As it moves across the terrain, a rat is constantly scanning its surroundings with its whiskers (called "whisking"), sweeping back and forth between five and 12 times per second. When a whisker hits an object, it bends in its follicle, and this sets off an electrical impulse to the brain that enables the rat to determine both the direction and how far each whisker moves. Certain neurons in the rat cortex pulse at very precise frequencies, and these pulses are sent continuously to the thalamus, which compares them with incoming whisker signals. That's how the animal forms an "image" of the world around it.

Mechanics is key to a whisker's tactile sensation. When a whisker is deflected, its deformation profile within the follicle determines the activity of different groups of mechanoreceptors.
Enlarge / Mechanics is key to a whisker's tactile sensation. When a whisker is deflected, its deformation profile within the follicle determines the activity of different groups of mechanoreceptors.
Northwestern University/Nadina Zweifel

Hartmann and her colleagues wanted to learn more about how this complex sensing system responds to different external stimuli, particularly during active whisking. However, "it is not yet possible to experimentally measure this interaction in vivo," the authors wrote. So they decided to create a mechanical model of the follicle sinus complex to simulate the deformation inside a follicle.

"The part of the whisker that triggers touch sensors is hidden inside the follicle, so it's incredibly difficult to study," said Hartmann. "You can't measure this process experimentally because if you slice open the follicle, then the damage would change the way the whisker is held. By developing new simulations, we can gain insights into biological processes that cannot be directly measured experimentally."

“Active whisking”

To build their model, Hartmann et al. relied in part on data from a 2015 ex vivo study of rat whiskers, measuring tissue displacement in response to the deflection of whiskers in a dissected row housed in a petri dish. While this earlier experiment only focused on a small region of the entire whisker follicle sinus complex, the resulting data nonetheless gave the Northwestern team a useful starting point.

The team ended up with something akin to a beam-and-spring model for the displacement of whiskers in the follicle sinus complex. The whisker and follicle walls serve as beams, with the distribution of tissue inside the follicle wall representing four internal springs at different locations. The connective tissue and muscle just outside the follicle serve as two external springs at the top and bottom of the follicle, with distant facial tissue and adjacent follicles serving as rigid ground in the model.

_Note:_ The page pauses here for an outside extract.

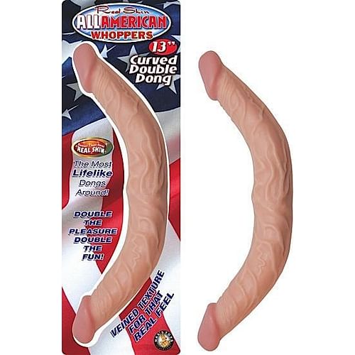 All American Whopper 13 inches Curved Double Dong is made using Better-than- Realskin. Two smooth heads for easy entry. Veined texture for that real feel. Waterproof, non-vibrating realistic dildo. Material PVC. Size 13 inches long by 1.6 inches wide.

Hartmann et al. found that rat whiskers are most likely to bend in an "S" shape within the follicle when they touch an object. This bending then pushes or pulls on the sensor cells, triggering them to send touch signals to the brain. The same bending profile results regardless of whether the whisker brushes against an object or is externally touched. And both intrinsic muscle contraction and an increase in blood pressure can improve the tactile sensitivity of the system.

The authors admit this is a simplified model, focusing on the deflection of one follicle at a time, but they hope to simulate the simultaneous deflection of multiple whiskers in the future. Even the simplified model has interesting implications for future research.

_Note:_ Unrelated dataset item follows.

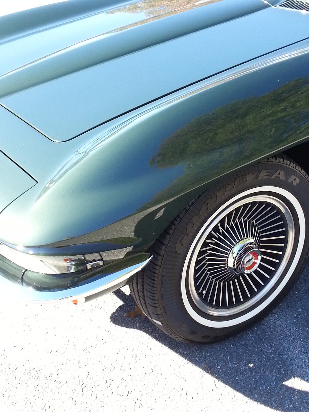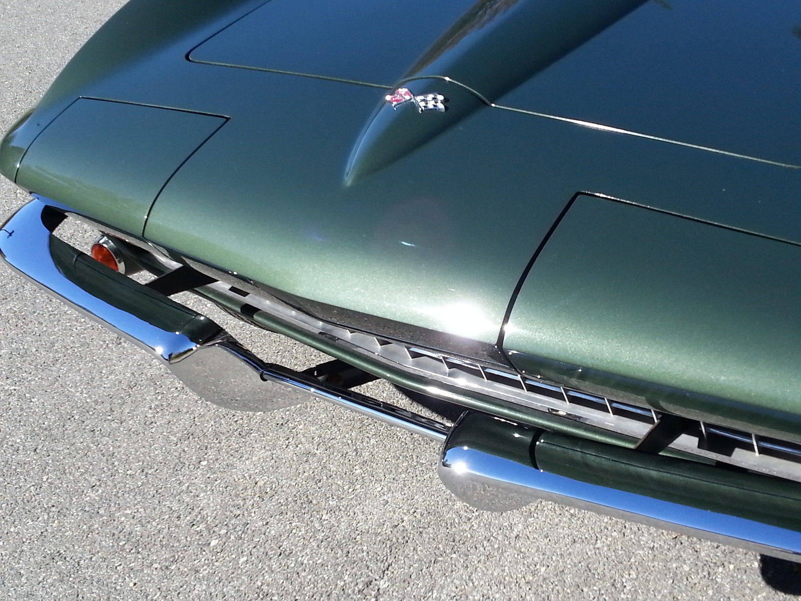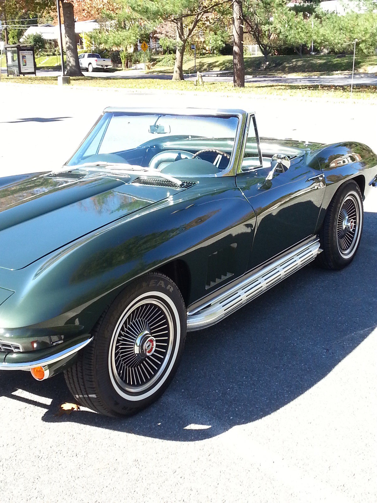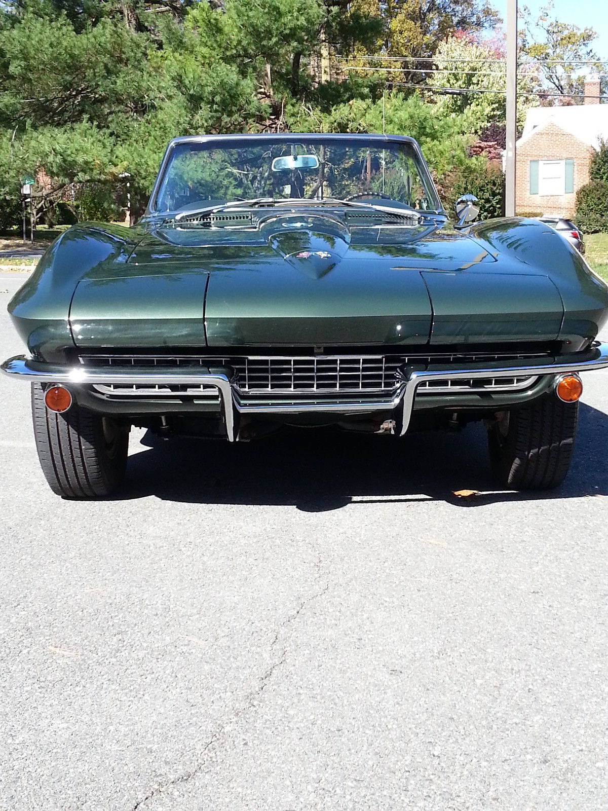Selling for a friend : 1967 Corvette Convertible. Goodwood Green over green interior. Numbers matching car with 327/350 hp small block. 4 spd. Car has factory side exhaust and a/c ! 3 owner car ( last owned since 1976) and everything is restored or original. Has original door panels and dash pad. Gauges are restored and all other interior parts are new. New conv. top. gas tank. all fuel and brake lines. new springs. Engine is original and has been rebuilt to stock. $6200 in chrome under hood upgrades ( Have original parts to go with car ). This car is 100% done and extremely clean and well cared for. Call if you have any questions (301)785-0594 Car is for sale locally so we reserve the right to end this auction at any time. On Nov-20-14 at 21:43:19 PST. seller added the following information: Correction to original post . Engine is 327/300 Hp.

"Our model demonstrates consistency in the whisker deformation profile between passive touch and active whisking," said co-author Yifu Luo, a graduate student in Hartmann's lab. "In other words, the same group of sensory cells will respond when the whisker is deflected in the same direction under both conditions. This result suggests that some types of experiments to study active whisking can be done in an anesthetized animal."

DOI: PLOS Computational Biology, 2021. 10.1371/journal.pcbi.1007887  (About DOIs).